Kalplan combines dynamic advice, real-life experience, and a friendly, no-nonsense writing style to take the mystery and fear out of achieving significant business growth. He gets readers to understand the exact nature of their business by showing how to define objectives, identify risks, and get the operation on solid footing.

Preface

It's Great to Be Gray 


Who Are You? 

  • You're the owner of an e-commerce business. You've made it over the second-year hump and are poised to break out, but you're unsure about which strategy is best to grow your business. You don't have a ton of money, so you need to make the right growth decision the first time. One misstep will kill your momentum.
  • You run a three-person gourmet cookie company with a few corporate customers that take up most of your time. With such a small customer and employee base, you're understandably nervous. You know that you need to grow, but how to start the process without upending your existing business? Implementing a growth strategy might upset your large customers, prompting them to move along to that next cookie. And you do not want to be left with crumbs.
  • You're a sales professional, selling mortgages. You're doing pretty well and have great relationships with many of your clients. You know that if you had more things to sell them, it would be a cakewalk, but you're not sure how to develop new offerings, especially ones they will prepay for.
  • You're the senior partner in a CPA firm. You've always been motivated by a desire to become the best CPA you can be. You want your work to matter, to be recognized for its quality and superiority. You're great at your job, but you've neglected the business end of your business, and your client base is shrinking. Now you see the need to grow, but the resources available to you don't offer an obvious path to growth.
  • You own a $50 million consulting business. You've been cruising along, selling the same service for years. A few years back, you tried expanding your services into new markets, but the extra duties and responsibilities took your employees' attention away from your core clientele and the effort failed, almost costing you your business.

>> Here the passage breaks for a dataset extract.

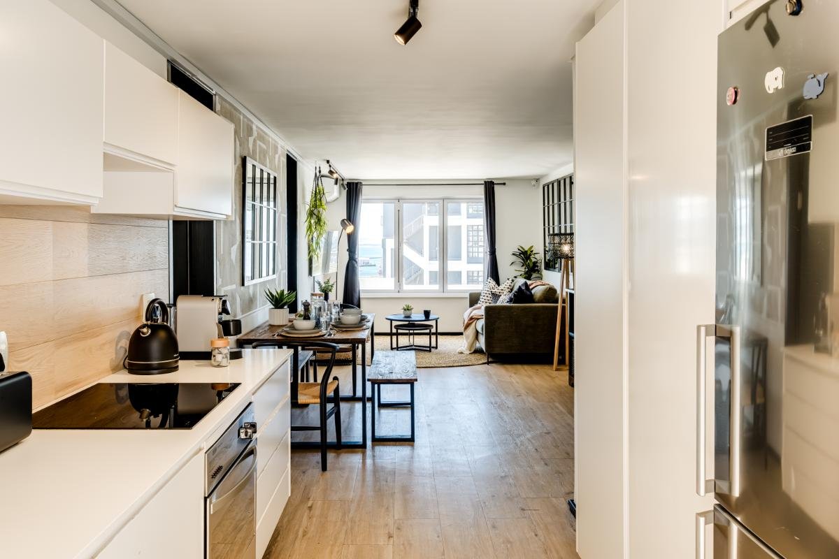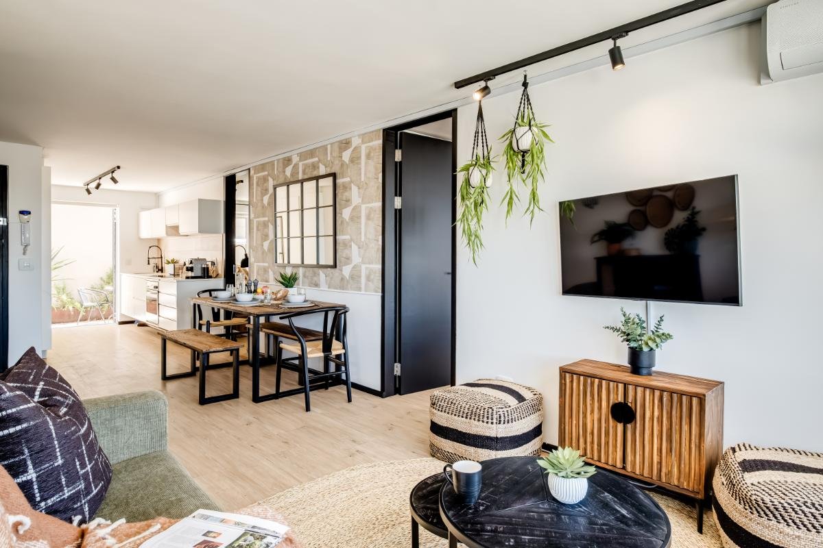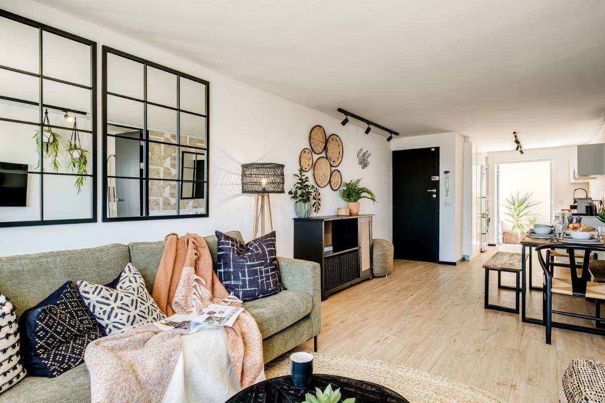 The open-plan kitchen is fully equipped with an electric hob, Nespresso machine, dishwasher, and washer, with access to a cosy courtyard for a quiet escape. The living and dining area, with seating for four, is the perfect spot to unwind with its air conditioning, TV, and lovely city and sea views.

You're doing okay now, but you don't want to work like a dog forever.
  • You're a partner in a marketing firm that's been doing steady business for a few years. You're not growing, but that's all right, because you don't want the worries of a larger business. Besides, you wouldn't know what to do to get bigger. You're okay with the status quo for now. Yet you can't help being a little worried, because you've seen many other businesses like yours cruise along at treetop level for years and then crash and burn. All it took was a brief financial stumble, and the owners were unable to adapt or compensate.

Not-Growing Pains 

If you can identify with any of these people, this book's for you. You realize that your business is living pretty close to the edge. You don't have much flexibility or reserve. Yes, you may be spared the giant problems of giant companies, but the anxieties and stresses of eking out profits and growth in your business, at its current size, are hardly a blessing. You're worried about Incredible Shrinking Business Syndrome. You also fret that you'll never make the big bucks you've dreamed of. But just thinking about growing gives you the jitters. Rock and a hard place.

Somewhere in the back of your mind, you remember what older, wiser capitalists have told you: In business, there's no standing still. Avoiding growth goes against the laws of nature; you're either growing or dying, yet finding a niche and managing to operate there happily ever after is riddled with risk. A recession, a new technology, even a miscalculation or a sudden illness can lead to a quick demise.